Please give back each line of the material unchanged, but without the images.

─── Data section

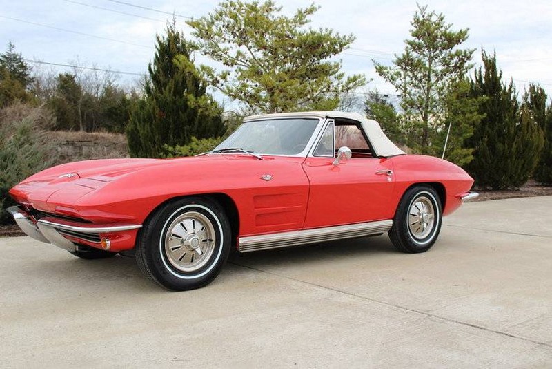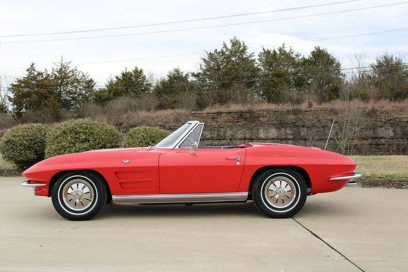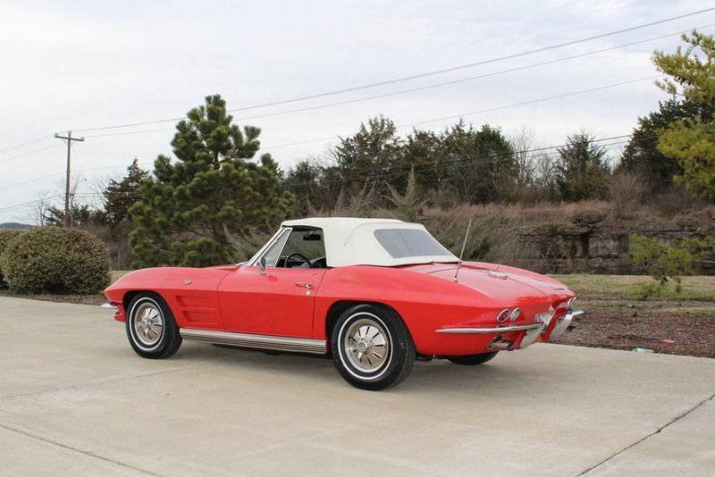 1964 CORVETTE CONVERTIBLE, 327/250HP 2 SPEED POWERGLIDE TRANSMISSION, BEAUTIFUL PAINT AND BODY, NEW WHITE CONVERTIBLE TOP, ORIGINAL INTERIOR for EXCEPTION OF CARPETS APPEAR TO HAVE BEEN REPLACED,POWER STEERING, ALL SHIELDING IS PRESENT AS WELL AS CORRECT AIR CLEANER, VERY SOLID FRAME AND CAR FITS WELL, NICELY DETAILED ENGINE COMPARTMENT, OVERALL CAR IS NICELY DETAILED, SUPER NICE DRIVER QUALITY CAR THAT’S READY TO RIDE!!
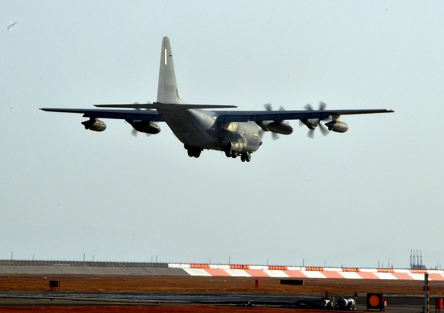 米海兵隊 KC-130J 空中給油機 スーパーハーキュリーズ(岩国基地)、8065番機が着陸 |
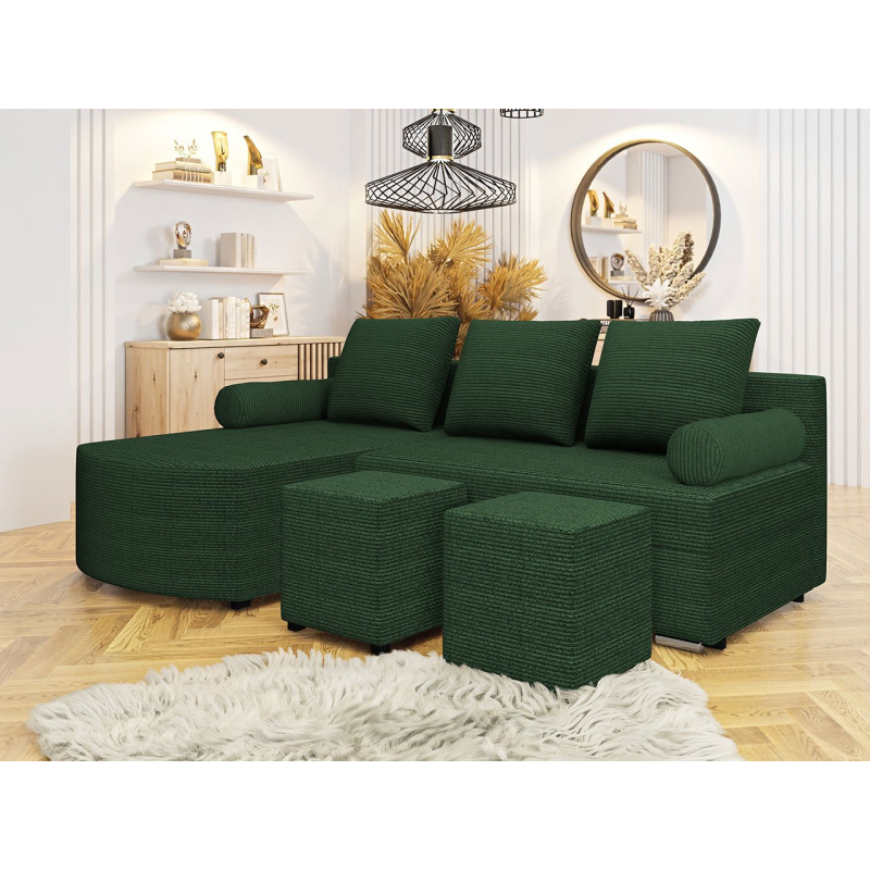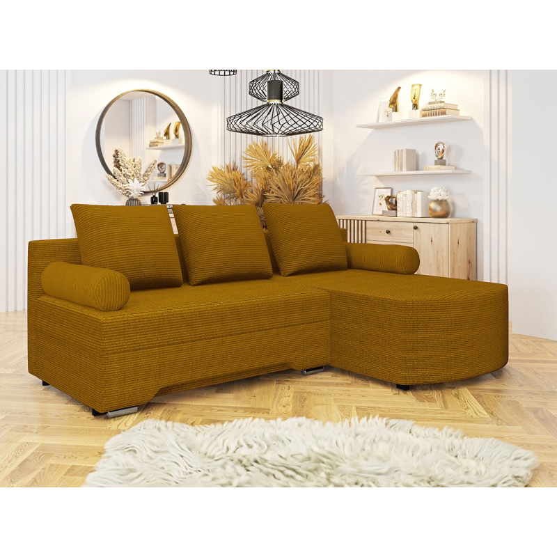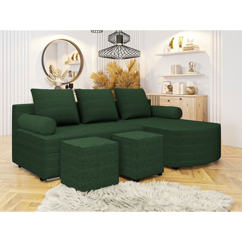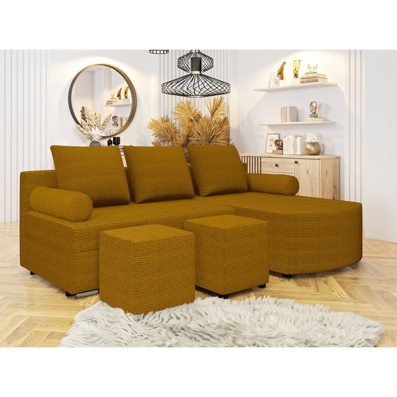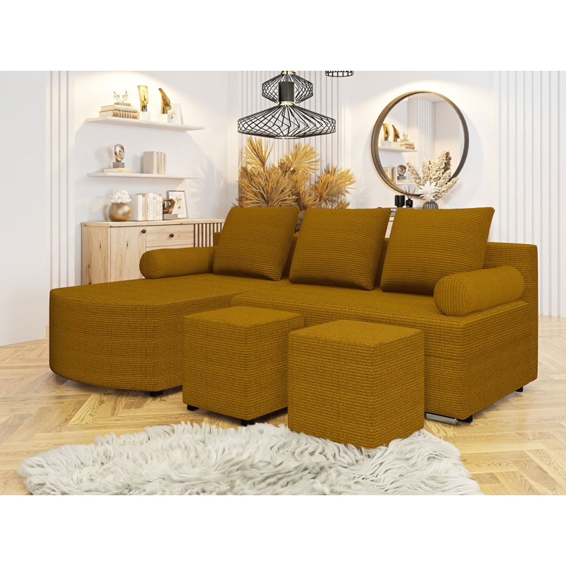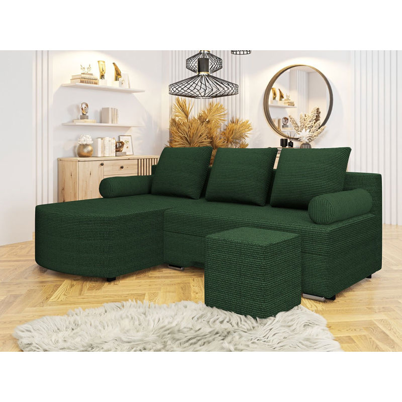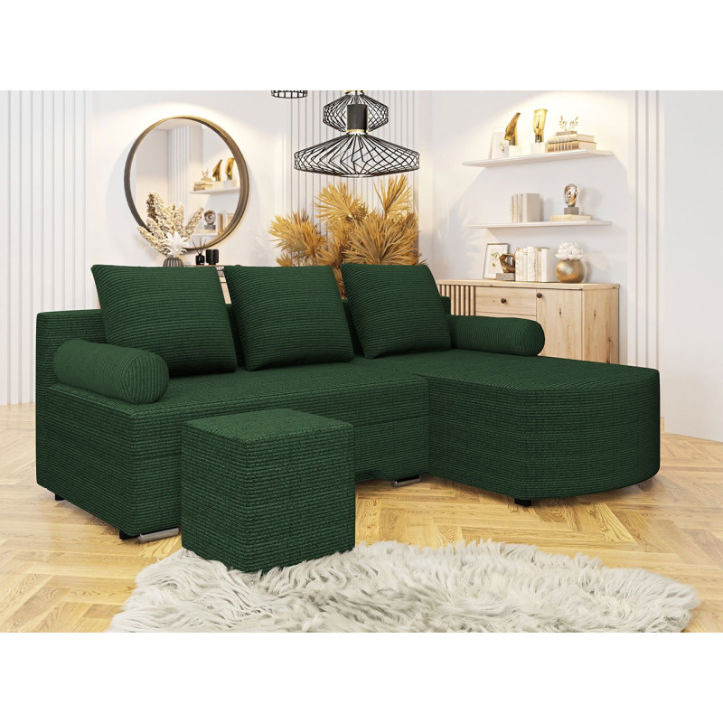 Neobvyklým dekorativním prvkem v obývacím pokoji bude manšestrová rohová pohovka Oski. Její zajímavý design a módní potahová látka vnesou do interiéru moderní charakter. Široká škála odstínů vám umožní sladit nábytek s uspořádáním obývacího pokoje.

──────

-- Reply --
 1964 CORVETTE CONVERTIBLE, 327/250HP 2 SPEED POWERGLIDE TRANSMISSION, BEAUTIFUL PAINT AND BODY, NEW WHITE CONVERTIBLE TOP, ORIGINAL INTERIOR for EXCEPTION OF CARPETS APPEAR TO HAVE BEEN REPLACED,POWER STEERING, ALL SHIELDING IS PRESENT AS WELL AS CORRECT AIR CLEANER, VERY SOLID FRAME AND CAR FITS WELL, NICELY DETAILED ENGINE COMPARTMENT, OVERALL CAR IS NICELY DETAILED, SUPER NICE DRIVER QUALITY CAR THAT’S READY TO RIDE!!
 米海兵隊 KC-130J 空中給油機 スーパーハーキュリーズ(岩国基地)、8065番機が着陸 |
 Neobvyklým dekorativním prvkem v obývacím pokoji bude manšestrová rohová pohovka Oski. Její zajímavý design a módní potahová látka vnesou do interiéru moderní charakter. Široká škála odstínů vám umožní sladit nábytek s uspořádáním obývacího pokoje.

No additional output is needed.